Because OF COURSE they’d bring Kitto, tiny terrified Kitto,
outside with them into the bright sun. They treat this poor goblin like a
fucking tortured child, Jesus.
Eventually, after a bit of bickering and whining, Maeve
allows Kitto to remain at Merry’s side. Merry immediately bursts out “The sidhe
have been speculating for centuries about why you left us.”
But wait, hadn’t Maeve just been exiled a century ago?
Maeve reminds Merry that she had not left, she had been cast
out, to which Merry responds “Your exile was the bogeyman for all the younger
sidhe in the Seelie Court. ‘If you don’t please the king, you’ll end as
Conchenn did.’” Don’t the sidhe have anything else to be afraid of? The sluagh?
Anyone? Bueller?
Merry eventually lets on that when she was a child, the king
beat her for inquiring about Maeve’s exile. Merry tells her that anyone who had
asked about Maeve at the Seelie Court had been punished, but after the King
killed one of Maeve’s biggest allies, the sidhe Emrys, no one bothered asking
about her anymore. Until Merry came along, that is. Maeve hadn’t known that her
exile had been that much of an issue at court. Well, duh, Maeve. You had been
exiled and haven’t so much as seen
another sidhe since you were kicked out. God these sidhe are stupid.

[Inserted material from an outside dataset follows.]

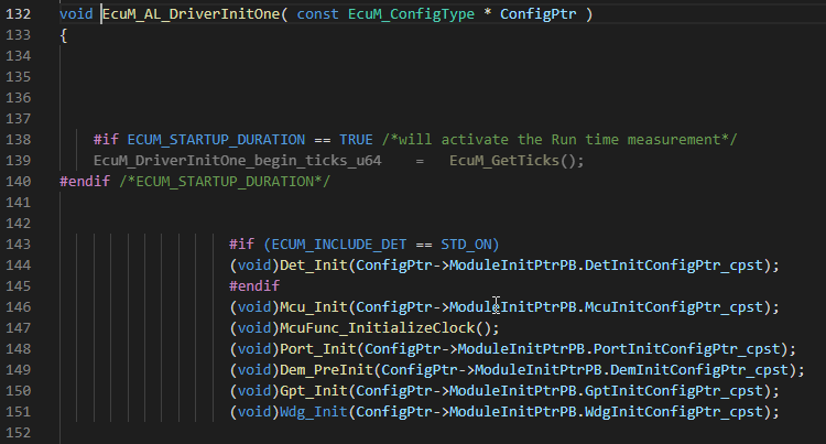 通常每个模块会接收一个包含配置的结构体指针作为参数。某些目标平台上的非 AUTOSAR 兼容 MCAL 模块可能例外,具体请参考硬件厂商的生成代码或文档。

Maeve then calls one of her maids to attend them, and her
maid Nancy few bathing suits for Merry to wear. What? Merry worries that Maeve
could have placed a spell upon the bathing suits, wondering if perhaps Maeve
had made a deal with Merry’s enemies to be able to return to faerie in exchange
for Merry’s death.
Merry politely declines changing, telling Maeve she’s
comfortable as is, in her hideous Christmassy-green suit (oh, did I not
describe that from the first few chapters? SHE’S DRESSED LIKE CHRISTMAS.)
Maeve returns the conversation to her killed ally, Emrys.
She says that the king would never order someone as powerful as Emrys killed,
and Merry responds that he didn’t order an execution. He personally challenged
Emrys to a duel. Maeve is floored at this – Taranis would never risk his own
personal well-being on a duel, and Merry swears an oath that what she says is
true.
“So,
I was right.” Her voice was very soft as she said the last.
“You were right about what?” I asked, voice equally soft. I eased down to the
foot of my own lounge chair so she would be sure to hear me.
She smiled then, but it was weak and not at all humorous. “No, you won’t get my
secret that easily.”
I frowned, and it was genuine. “ I don’t know what you mean.”
Her voice was more solid, more certain of itself as she spoke. “Why did you
come here today, Meredith?”
YOU FUCKING INVITED HER THERE, MAEVE, YOU DAFT MORON.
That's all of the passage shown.